**The task:**
Give the number of lines below that hold "voor", and only that.

>>>>>

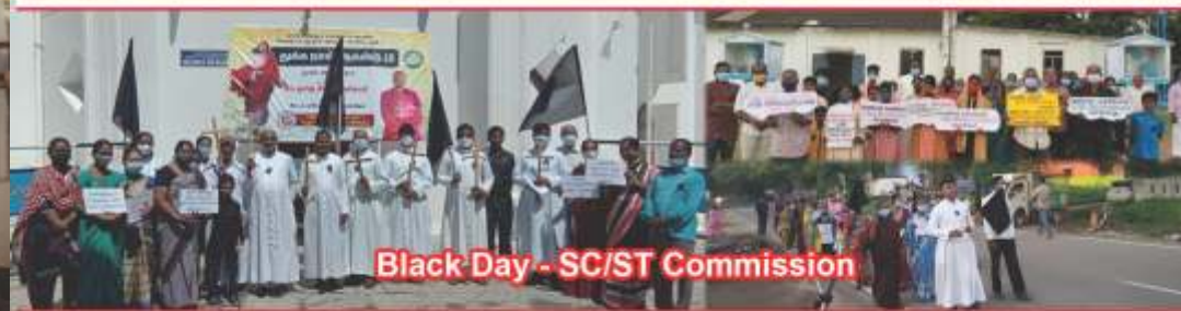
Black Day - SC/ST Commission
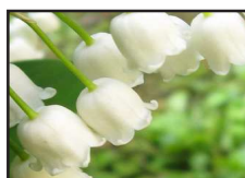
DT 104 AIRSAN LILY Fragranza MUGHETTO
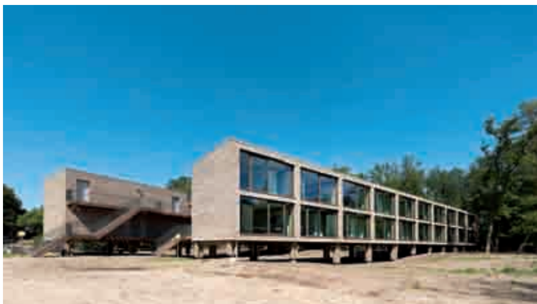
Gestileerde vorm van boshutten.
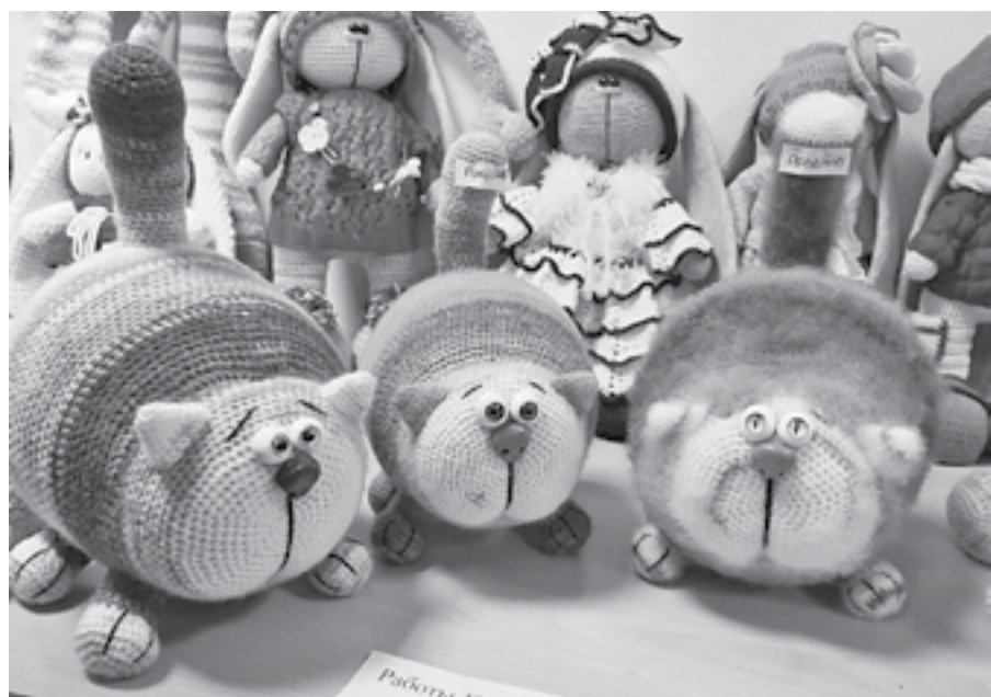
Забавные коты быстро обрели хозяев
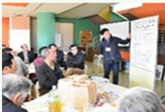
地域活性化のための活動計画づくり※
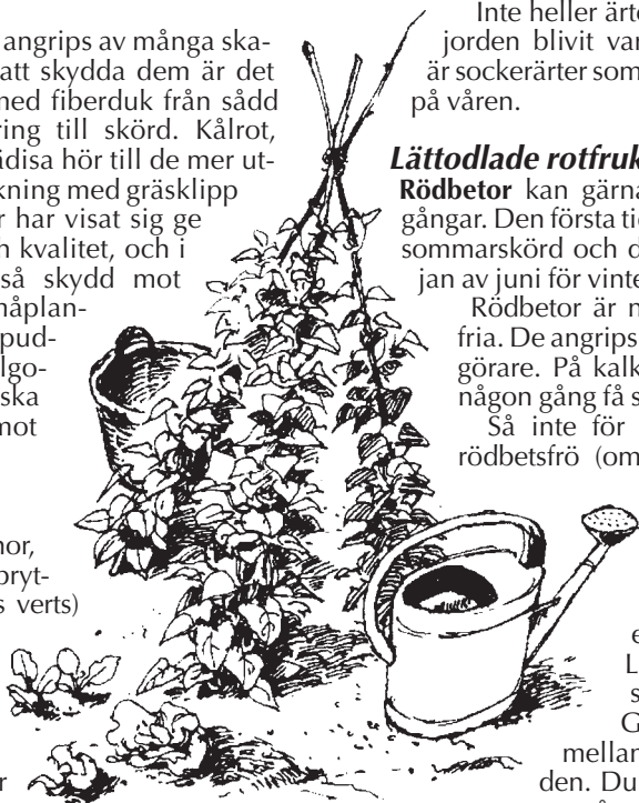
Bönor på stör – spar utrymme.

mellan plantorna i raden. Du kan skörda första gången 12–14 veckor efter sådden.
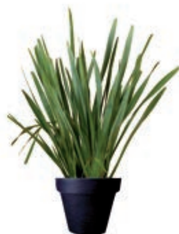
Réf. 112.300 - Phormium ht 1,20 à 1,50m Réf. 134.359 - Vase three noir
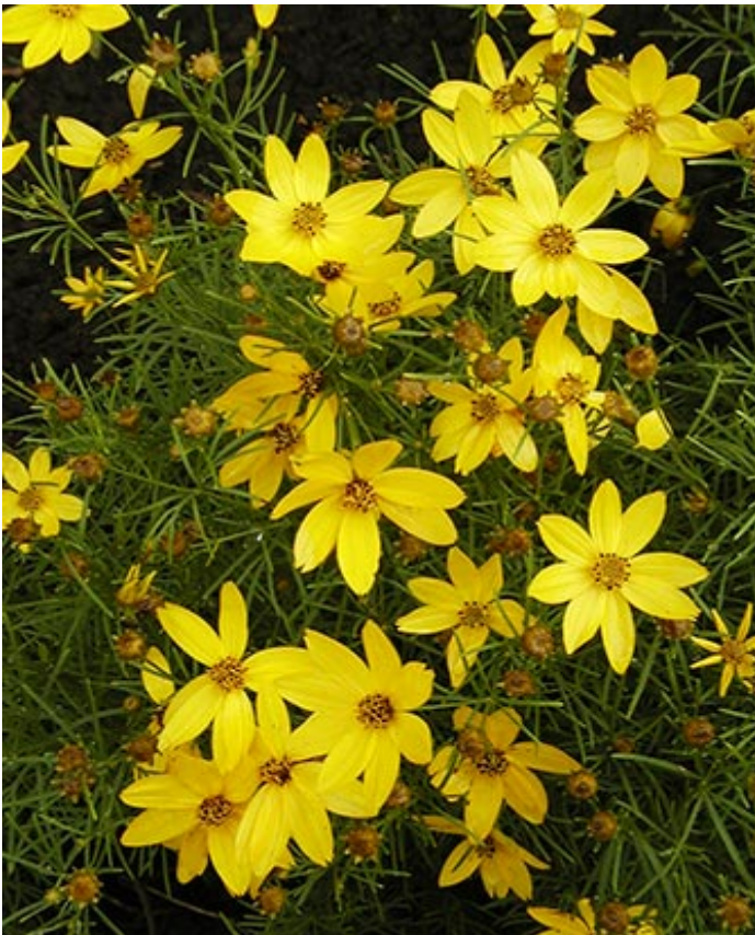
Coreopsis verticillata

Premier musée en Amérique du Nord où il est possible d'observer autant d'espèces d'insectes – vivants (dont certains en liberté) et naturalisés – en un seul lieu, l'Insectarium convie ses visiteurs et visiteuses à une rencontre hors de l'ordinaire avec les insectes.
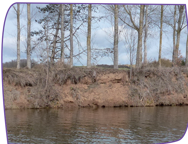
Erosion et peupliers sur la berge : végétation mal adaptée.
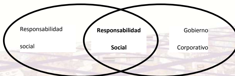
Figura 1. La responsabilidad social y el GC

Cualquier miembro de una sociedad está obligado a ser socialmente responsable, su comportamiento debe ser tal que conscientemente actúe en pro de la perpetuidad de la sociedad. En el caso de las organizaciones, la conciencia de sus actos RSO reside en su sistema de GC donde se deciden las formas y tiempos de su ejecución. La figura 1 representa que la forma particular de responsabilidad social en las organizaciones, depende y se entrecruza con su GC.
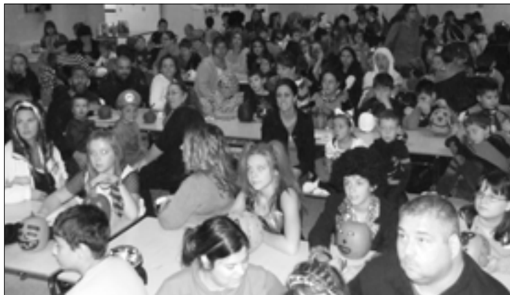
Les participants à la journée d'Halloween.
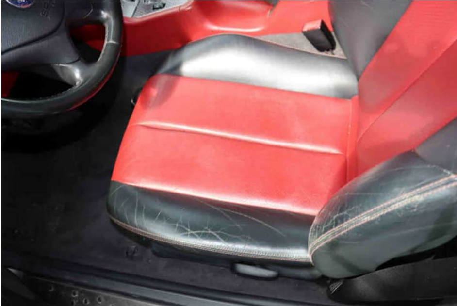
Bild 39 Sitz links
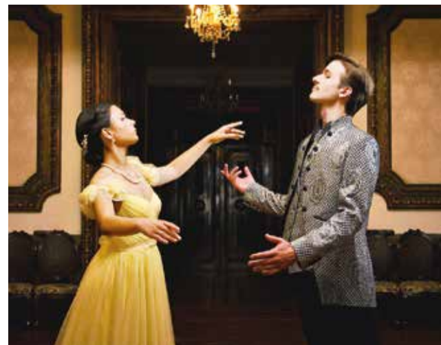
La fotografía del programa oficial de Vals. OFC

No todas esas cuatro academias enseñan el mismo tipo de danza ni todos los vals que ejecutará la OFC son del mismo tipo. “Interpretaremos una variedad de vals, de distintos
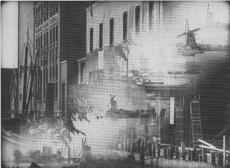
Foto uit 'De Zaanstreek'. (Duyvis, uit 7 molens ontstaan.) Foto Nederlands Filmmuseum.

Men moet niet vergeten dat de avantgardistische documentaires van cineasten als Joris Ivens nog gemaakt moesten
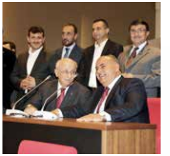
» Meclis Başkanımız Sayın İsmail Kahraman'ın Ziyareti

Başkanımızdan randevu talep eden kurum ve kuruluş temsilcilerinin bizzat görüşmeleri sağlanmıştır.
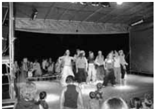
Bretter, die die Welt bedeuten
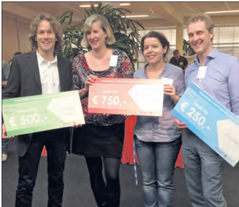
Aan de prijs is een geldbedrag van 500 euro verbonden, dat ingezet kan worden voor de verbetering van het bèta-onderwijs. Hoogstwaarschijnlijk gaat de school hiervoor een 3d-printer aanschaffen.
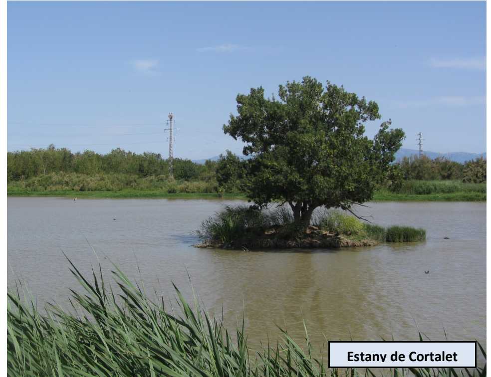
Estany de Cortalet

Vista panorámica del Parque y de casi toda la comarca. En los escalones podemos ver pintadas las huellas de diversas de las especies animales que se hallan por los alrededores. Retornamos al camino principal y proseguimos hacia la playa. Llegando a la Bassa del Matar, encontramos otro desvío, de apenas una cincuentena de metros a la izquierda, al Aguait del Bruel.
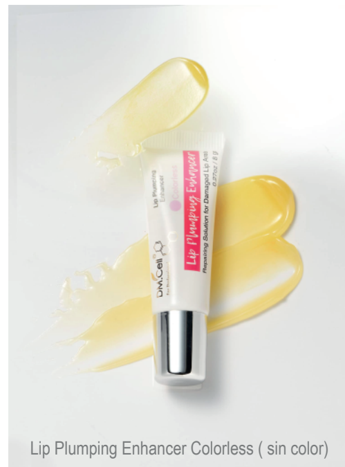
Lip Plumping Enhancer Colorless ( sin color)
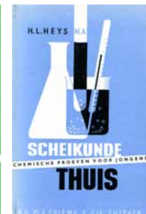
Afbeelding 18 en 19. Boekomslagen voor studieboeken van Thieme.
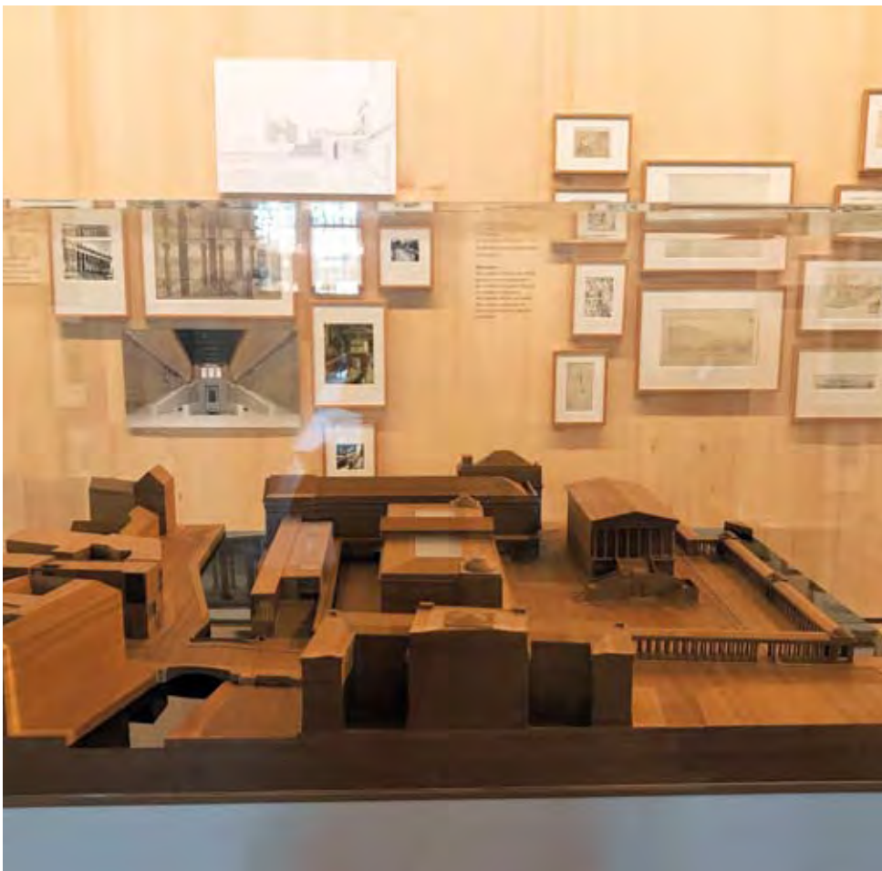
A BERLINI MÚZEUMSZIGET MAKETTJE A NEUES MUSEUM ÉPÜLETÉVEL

<<<<<

**Your response:**
2